◆ Data for processing ◆
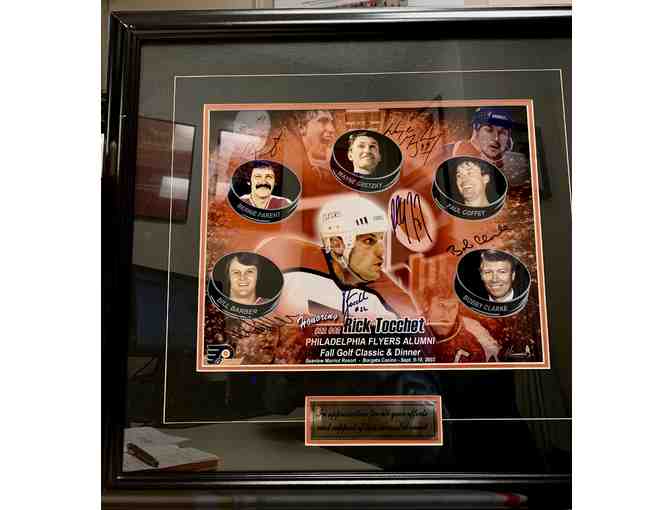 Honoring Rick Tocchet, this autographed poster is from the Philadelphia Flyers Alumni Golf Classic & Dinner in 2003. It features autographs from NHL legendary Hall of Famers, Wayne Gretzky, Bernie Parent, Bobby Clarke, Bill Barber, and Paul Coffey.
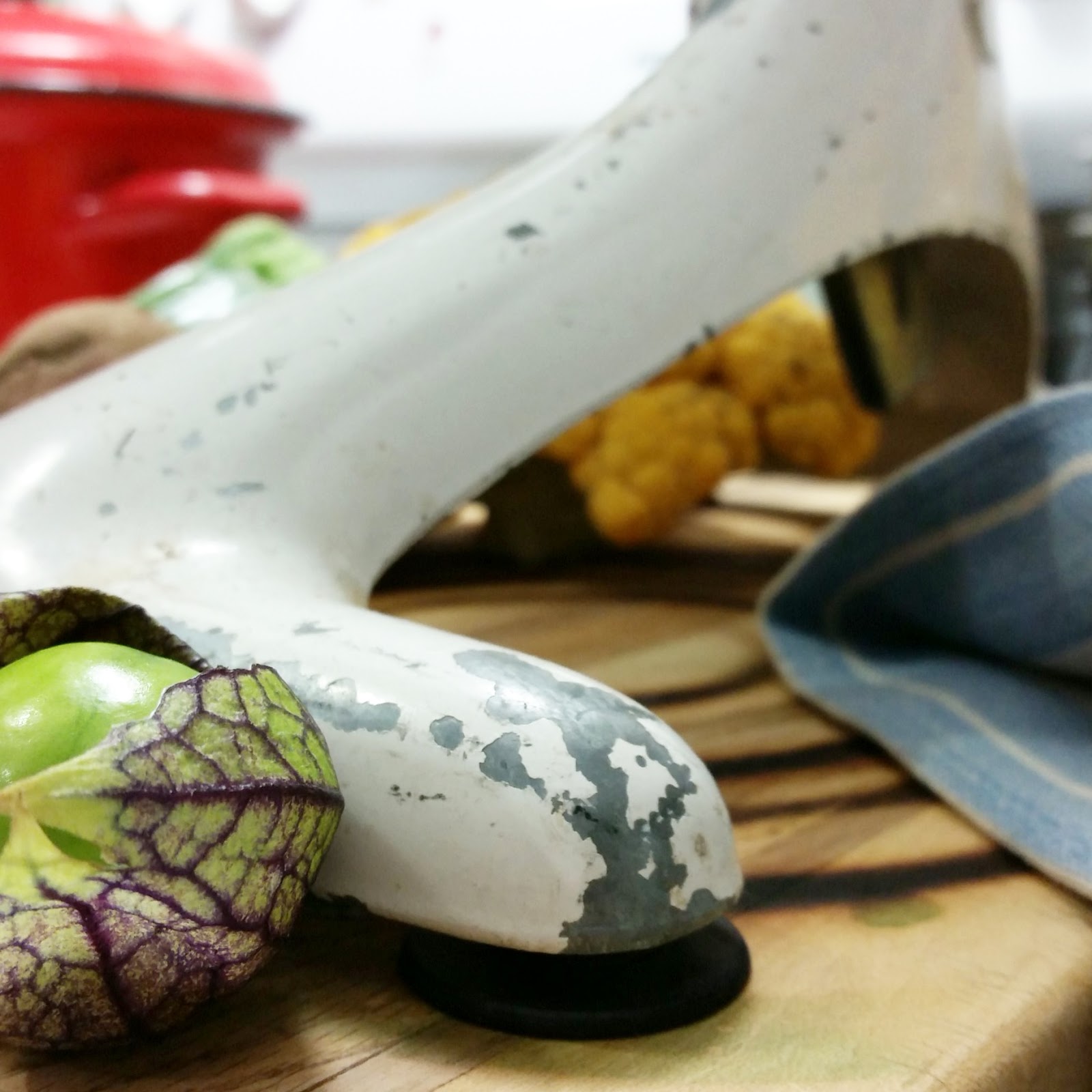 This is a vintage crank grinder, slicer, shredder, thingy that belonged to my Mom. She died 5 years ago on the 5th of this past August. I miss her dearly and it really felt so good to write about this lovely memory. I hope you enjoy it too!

...

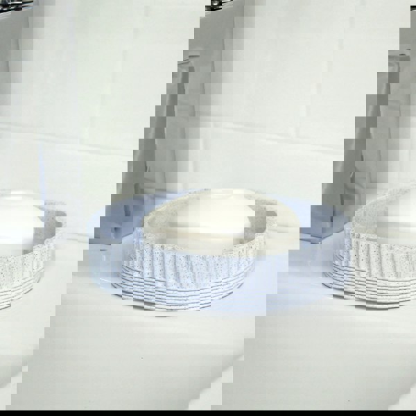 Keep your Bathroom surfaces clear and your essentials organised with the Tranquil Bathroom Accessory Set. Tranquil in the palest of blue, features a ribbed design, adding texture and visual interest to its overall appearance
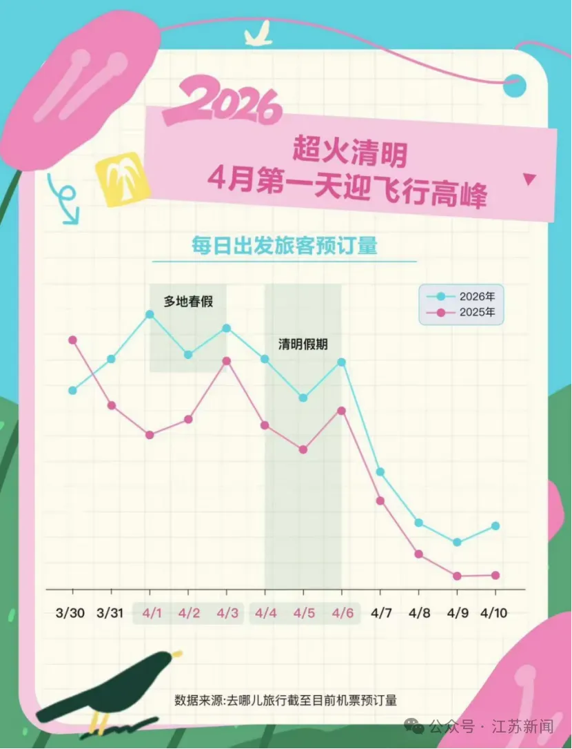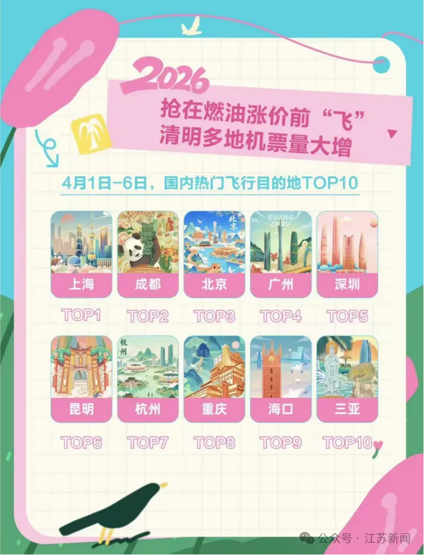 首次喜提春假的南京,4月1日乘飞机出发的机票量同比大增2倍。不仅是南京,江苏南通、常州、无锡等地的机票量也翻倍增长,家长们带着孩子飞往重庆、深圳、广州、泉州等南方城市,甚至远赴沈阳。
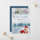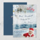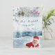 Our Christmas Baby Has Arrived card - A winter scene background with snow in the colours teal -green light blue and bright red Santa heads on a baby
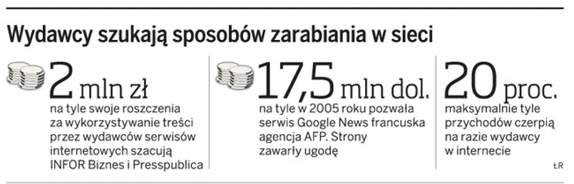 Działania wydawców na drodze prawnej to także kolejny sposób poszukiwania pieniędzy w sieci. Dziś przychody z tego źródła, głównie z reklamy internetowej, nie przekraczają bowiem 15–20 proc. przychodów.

◆ To do ◆
Transcribe, word for word, the stretch of lines in the data above from the one with "Our Christmas Baby" through the one with "Działania wydawców na"; omit all pictures.

◆ Written response ◆
 Our Christmas Baby Has Arrived card - A winter scene background with snow in the colours teal -green light blue and bright red Santa heads on a baby
 Działania wydawców na drodze prawnej to także kolejny sposób poszukiwania pieniędzy w sieci. Dziś przychody z tego źródła, głównie z reklamy internetowej, nie przekraczają bowiem 15–20 proc. przychodów.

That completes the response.